My short answer would be yes, they can be added together (_with some likely & possible problems .)_

I have seen many tanks with this combo, (_along with Lelupie_) & they work out fairly well & are loosley from similiar water parameters (_fronts being in deeper spots along the coastlines_) in the wild.

HOWEVER, over the years I've noticed that the problem with the juvie front & brichardi mix, is that the brichardi can be rather aggressive & nippy & could destroy the extended fins on frontosas by picking at them.

I would also mention that b/c these two fish are drastically different in size, many times the brichardi in a tank with fronts are MATURE specimen where the fronts are juvie & the aggression of the adult brichardi can get to be a little much.

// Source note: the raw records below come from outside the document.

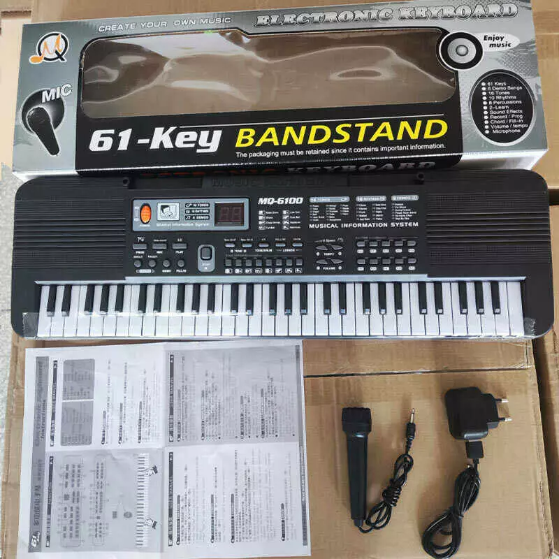 Синтезатор MQ 6100 Штрихкод=97053 (36) 61 клавіша, мікрофон, регулювання гучності, дисплей, мелодії, працює від мережі та батарейок, в коробці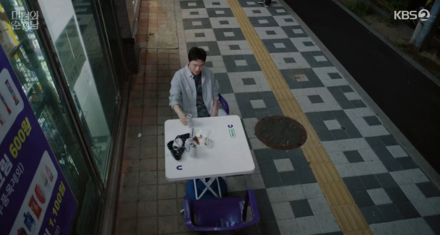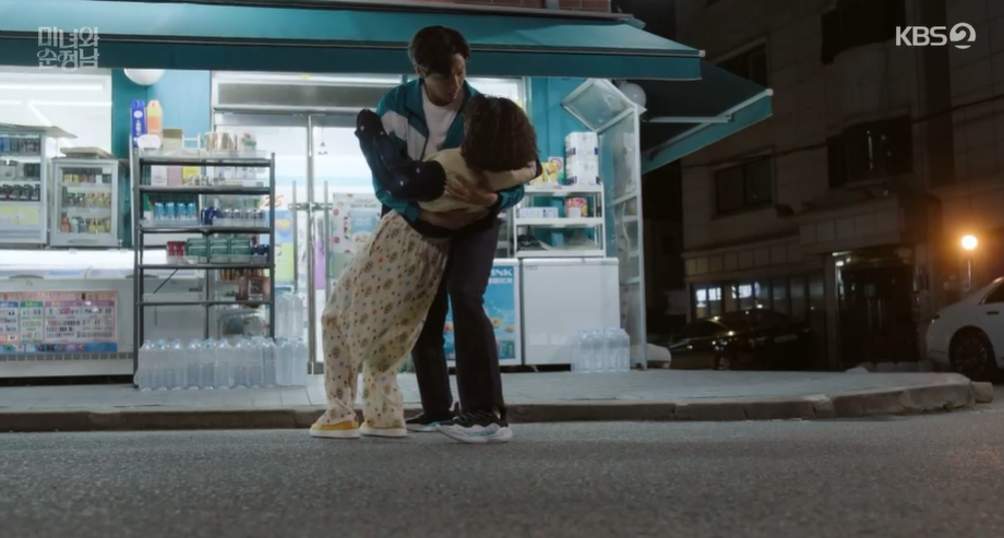 밤에 군것질 거리를 사러 편의점에 갔다가 지영은 운동을 하는 필승을 보고 놀라고 필승은 넘어질뻔한 지영을 도와줍니다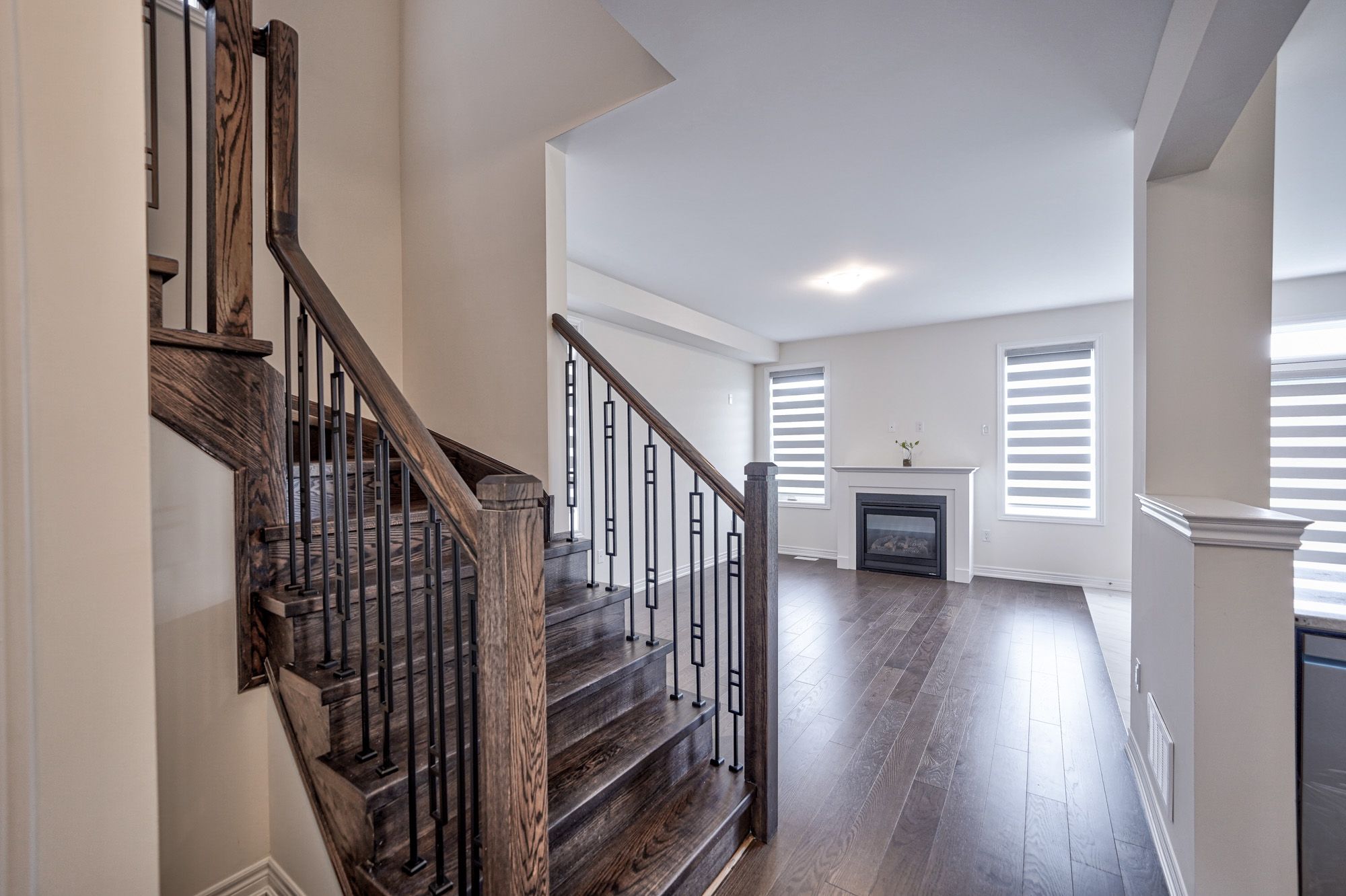 Welcome to your new executive home in the prestigious Windfields Farm Community in OSHAWA! This spacious 4 Bedrooms, 2 Full 1 Half washroom East facing, has a blend of comfort, convenience and style. comes with modern and spacious living space with plenty of natural light, double door entry, upgraded high ceiling with tall doors on both floors, French door to the patio, entrance through garage too (DOOR OPENER INSTALLED), gas fireplace, master ensuite with glass shower oval tub, upgraded plush carpet in bedroom and a powder room on the main floor for your guests. chef inspired kitchen, as well as ss appliances for aspiring chefs.Computer nook is an additional feature in one of the bedrooms. No need to go downstairs for laundry it is conveniently located on the 2nd floor. easy access to grocery, banks, restaurants, Costco and bus to both UOIT, Durham College, 407 and minutes to 412 making this home an ideal choice for professionals. neighbourhood has many trails and nature walks.Sprinkler system ,Garage door opener,Humidifier,

I personally have brichardi ( _a group of 5 ) _with my fronts & I think the key to the safety of the juvie fronts is a large aquarium, where space isn't as much an issue as some smaller ones.

Just MY Experience.

gjx


----------



## lloyd (Aug 24, 2005)

success depends on design. if your rock work is so tight, that the neolamps can colonize the entire floor area, then your fronts will get picked on every time they attempt to graze. if your floor is left too open, where single brichardi might risk getting cornered, then the frontosa will snack it. HTH.


----------



## schrader (Nov 6, 2007)

ty i guess i have some thinking to do before i make a decision.


----------



## Bearfan (Dec 17, 2007)

My daffodils were extremely aggressive when breeding and I would not put them with my fronts. They can take over a very large area when spawning.


----------



## VinCe (Aug 15, 2004)

I too would not put them in with my fronts. Like stated above when breeding they take a huge area and they will nip on your fronts trailers.


----------



## cichlidgirl1 (Sep 17, 2007)

You can put a single specimen in with the fronts but not a colony. THe breeding fish will take over the whole tank. I had 2 juvie brichardi that took over 5.5 feet of the 6 foot tank and had all the other fish including the adult male venustus cowering in the corner. I found out later that is typical of what happens. When i removed them to their own tank and left a oddball male brichardi in the front tank i noticed all was well. Do them single or not at all .


----------



## schrader (Nov 6, 2007)

i was thinking i would only add a group of 5 males i dont want to breed them.


----------



## tirzo13 (May 26, 2004)

i'd only put a single male in.
a group may still attempt to give breeding behavior, at any rate that is 5 little mouths to destroy your frontosa trailers.
really to fully appreciate frontosa a species tank is best or fish that have zero aggression.


----------